Additional purposes, goals and descriptions of the program include:

• Provide to students the opportunity to increase the depth and rigor of their education.

• Give students the freedom and flexibility to select which pathways they choose to experience and complete. This allows students to pursue their passions, creating increased student engagement.

• Allow students to choose from 14 pathways that delve deeper into specific, yet complementary, disciplines. Choices include a “Design Your Own” pathway.

• Give structure to a common PCSD preK-12 mission for our students.

• Create an additional structure through which students can demonstrate graduation proficiencies.

Schmidt reported that there was a reasonable amount of interest in every one of the 14 pathways offered, and that all but seven students (among all freshmen, sophomores and juniors at PCHS) were participating in Academies, currently outlining their interests and planning their academic and career paths.

As Schmidt has indicated in previous interviews with The Flume, PCSD has a decided advantage over larger districts because it can actually tailor its curriculum to meet the specific needs, goals and educational and career aspirations of each of its students.

The launching of the Academies obviously represents an important step toward realizing that goal, and early indications are that the program is immensely popular with students and parents alike.

Also, as part of the district information and discussion portion of the meeting, Schmidt relayed good news pertaining to student enrollment, as well as teacher and staff retention across the district.

“Enrollment is slightly higher than was originally projected, and staff retention looks very good,” Schmidt said. “I think our increased compensation and incentive program has helped, and staff engagement has been very positive.”

In addition to recent salary increases, more than 150 employees also recently received bonus and incentive pay anywhere from $70 to $300 as part of a new initiative to reward, retain and attract high-quality teachers and staff within the district.

Those uplifting notes were followed by Schmidt’s rather somber announcement that there was an immediate need for an additional part-time counselor at DCE, as well as his explanation as to why additional help was necessary.

“Emotional issues among students at Deer Creek are increasing,” Schmidt said. “There is a need for more sex education, and suicide risks are reportedly also increasing. We are not alone. We are seeing these same problems everywhere.

“Our current staff of counselors says they are simply having trouble handling the workload. So we need support there that is within our budget structure, and we need to be proactive because the need for that support is immediate.”
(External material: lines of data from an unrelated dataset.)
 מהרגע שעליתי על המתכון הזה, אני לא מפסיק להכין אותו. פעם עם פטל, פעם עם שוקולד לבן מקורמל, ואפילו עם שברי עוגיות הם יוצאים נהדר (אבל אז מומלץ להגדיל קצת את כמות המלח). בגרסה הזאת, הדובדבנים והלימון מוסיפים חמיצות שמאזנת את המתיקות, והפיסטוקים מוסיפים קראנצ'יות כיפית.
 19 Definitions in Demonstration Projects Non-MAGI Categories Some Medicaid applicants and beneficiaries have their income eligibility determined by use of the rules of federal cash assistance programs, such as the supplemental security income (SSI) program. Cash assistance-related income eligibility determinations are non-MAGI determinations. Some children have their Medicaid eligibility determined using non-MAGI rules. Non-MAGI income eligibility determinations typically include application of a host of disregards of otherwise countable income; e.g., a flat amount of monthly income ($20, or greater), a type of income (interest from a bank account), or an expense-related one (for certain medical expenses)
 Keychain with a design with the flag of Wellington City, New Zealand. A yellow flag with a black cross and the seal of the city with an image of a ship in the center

According to Schmidt, staff compensation remains a top priority. But he warned that critical decisions and collectively prioritizing the district’s values from a budgetary perspective would become necessary, and challenging, in the very near future.

Board member Joe Burgett, who serves as a first-responder in his role as chief of the Platte Canyon Fire Protection District, gave a somewhat chilling personal account regarding his knowledge of suicide rates in Park County.
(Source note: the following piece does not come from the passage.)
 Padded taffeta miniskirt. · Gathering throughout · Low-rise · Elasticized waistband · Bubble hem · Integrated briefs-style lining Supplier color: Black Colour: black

“If we do not address these issues as a society, we might see declining enrollment numbers due purely to suicides,” Burgett said. “I would absolutely vouch for a blown budget if that’s what’s required to find mental health care for these students.”

During the public comments portion of the meeting, a district employee also added a plea for more counselors and suicide prevention measures throughout the district.

“I lost a brother to suicide, and I have a child who has admitted to having suicidal thoughts,” she said. “Times are changing, and we have to be aware of that and go forward with more clubs, training and counseling. I would gladly give up part of my own salary if it would help to address these issues.”